Maket AI’s generative floor plan tool can produce hundreds of layout variations from a single set of constraints — including accessibility requirements like 36-inch minimum hallway widths, zero-threshold entries, wheelchair turning radii, and curbless shower dimensions. What used to require an architect specializing in ADA-compliant residential design now takes seconds.
The numbers make the case. A zero-threshold entry costs essentially nothing during new construction — it’s just a design decision. Retrofitting one later costs $1,500–$3,000. A curbless shower in new construction adds maybe $200–$500 over a standard tub. Retrofitting a bathroom for wheelchair access after the fact: $8,000–$25,000. Widening a hallway from 32 inches to 42 inches during framing is a few extra studs. After drywall, it’s a $5,000 demolition project.
Google Research’s Natively Adaptive Interfaces framework, announced in late 2025, points toward an even more ambitious vision: AI that doesn’t just design accessible spaces but adapts interfaces in real time to the occupant’s needs. Lighting that adjusts based on time of day and visual acuity. Smart displays that resize text based on proximity. Voice interfaces that switch modalities when they detect hearing difficulty.
The Policy Gap
Here’s where my legal background gets twitchy. The technology exists. The economics work — aging in place costs a fraction of assisted living ($4,500/month median nationally) or nursing home care ($9,000+/month). But the regulatory framework is still stuck in the pre-AI era.

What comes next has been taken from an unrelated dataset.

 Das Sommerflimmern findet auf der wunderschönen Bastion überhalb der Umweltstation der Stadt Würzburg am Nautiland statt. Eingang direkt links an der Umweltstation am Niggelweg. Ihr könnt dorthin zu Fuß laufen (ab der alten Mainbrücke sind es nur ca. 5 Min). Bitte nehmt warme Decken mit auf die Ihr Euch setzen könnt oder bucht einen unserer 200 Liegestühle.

Medicare covers hospital stays and rehabilitation but provides minimal funding for home modifications that prevent the hospitalization in the first place. The HUD Section 504 program and the “Money Follows the Person” initiative help, but they’re chronically underfunded relative to the 65+ population that will reach 82 million by 2050 (up from 58 million today).

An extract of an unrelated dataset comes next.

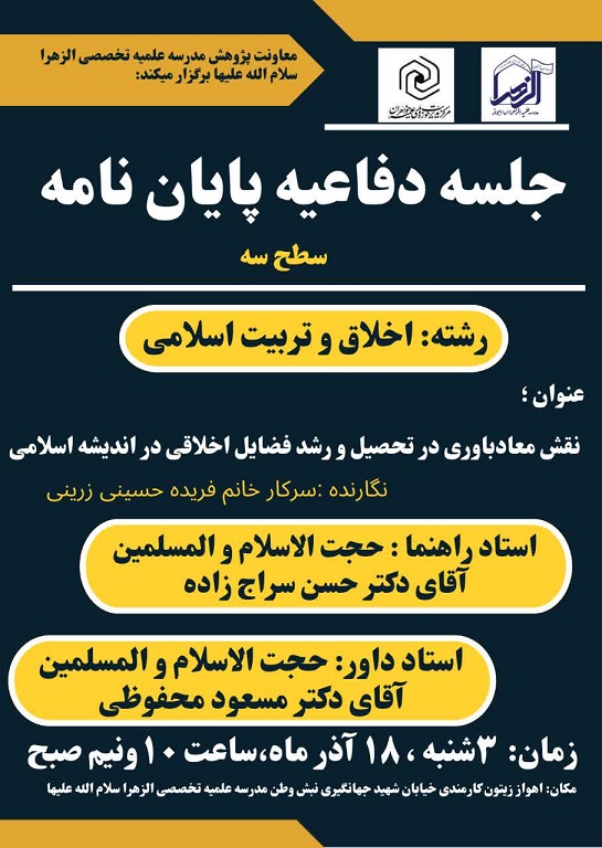 در این جلسه، سرکار خانم فریده حسینی زرینی، از طلاب توانمند این مدرسه، از پایاننامه سطح ۳ خود با عنوان «نقش معادباوری در تحصیل و رشد فضایل اخلاقی در اندیشه اسلامی» دفاع خواهد کرد. این پژوهش که با راهنمایی علمی ارزشمند حجت الاسلام و المسلمین آقای دکتر حسن سراج زاده و داوری دقیق حجتالاسلام والمسلمین آقای دکتر مسعود محفوظی صورت پذیرفته است، به بررسی یکی از کلیدیترین مبانی تربیت اخلاقی در اسلام میپردازد. اندیشه معاد و باور به زندگی پس از مرگ، همواره به عنوان یکی از ستونهای اصلی نظام اعتقادی و اخلاقی اسلام، نقشی بنیادین در شکلگیری شخصیت، انگیزه بخشی به اعمال نیک و بازدارندگی از اعمال ناشایست ایفا نموده است. این پایاننامه تلاش دارد تا با استناد به منابع غنی اسلامی، پیوند عمیق میان باور به حسابرسی اعمال و پاداش و کیفر اخروی با فرایند اکتساب و پرورش فضایل اخلاقی چون صداقت، عدالت، ایثار، صبر و استقامت را تبیین نماید. پژوهشگر در این تحقیق، با رویکردی علمی و تحلیلی، به تشریح چگونگی تأثیرگذاری اعتقاد به معاد بر تقویت انگیزههای درونی برای پایبندی به اصول اخلاقی و پرهیز از رذایل پرداخته است.

Some states are ahead. California’s CalHFA ADU program funds accessory dwelling units that can serve as accessible in-law suites. Connecticut offers up to $10,000 in home modification grants for seniors. But there’s no federal standard requiring new single-family homes to meet even basic visitability requirements — a zero-step entrance, one accessible bathroom, and doorways wide enough for a wheelchair on the main floor.
The NCOA’s action plan estimates that a $45 million annual federal investment in falls prevention programs could save $1.2 billion in Medicare and Medicaid costs annually. That’s a 26:1 return on investment. The math is absurd. The political will is absent.
What This Means If You’re Building
Design for 80, build at 40. Every home should have at least one zero-threshold entry, one main-floor bathroom with blocking for future grab bars, and hallways wide enough for a walker. These decisions cost almost nothing during construction. They cost tens of thousands during renovation.
Pre-wire for ambient monitoring. Low-voltage wiring for motion sensors, PoE connections for smart cameras, and conduit for future sensor placement. The same infrastructure that supports a Ring doorbell today supports a CarePredict-style health monitoring system tomorrow.
Use AI floor plan tools. Maket AI and similar generators can explore accessibility-constrained layouts at a speed no human designer can match. The best accessible homes don’t look accessible — they look beautiful, with wider hallways that feel generous and curbless showers that feel luxurious.
America is about to have 82 million people over 65, and 77% of adults over 50 say they want to stay in their homes as they age (AARP, 2024). The homes we’re building today will need to serve those people for the next 30–50 years. AI can’t solve the policy gap. But it can make the right design decisions so obvious — and so cheap — that ignoring them becomes indefensible.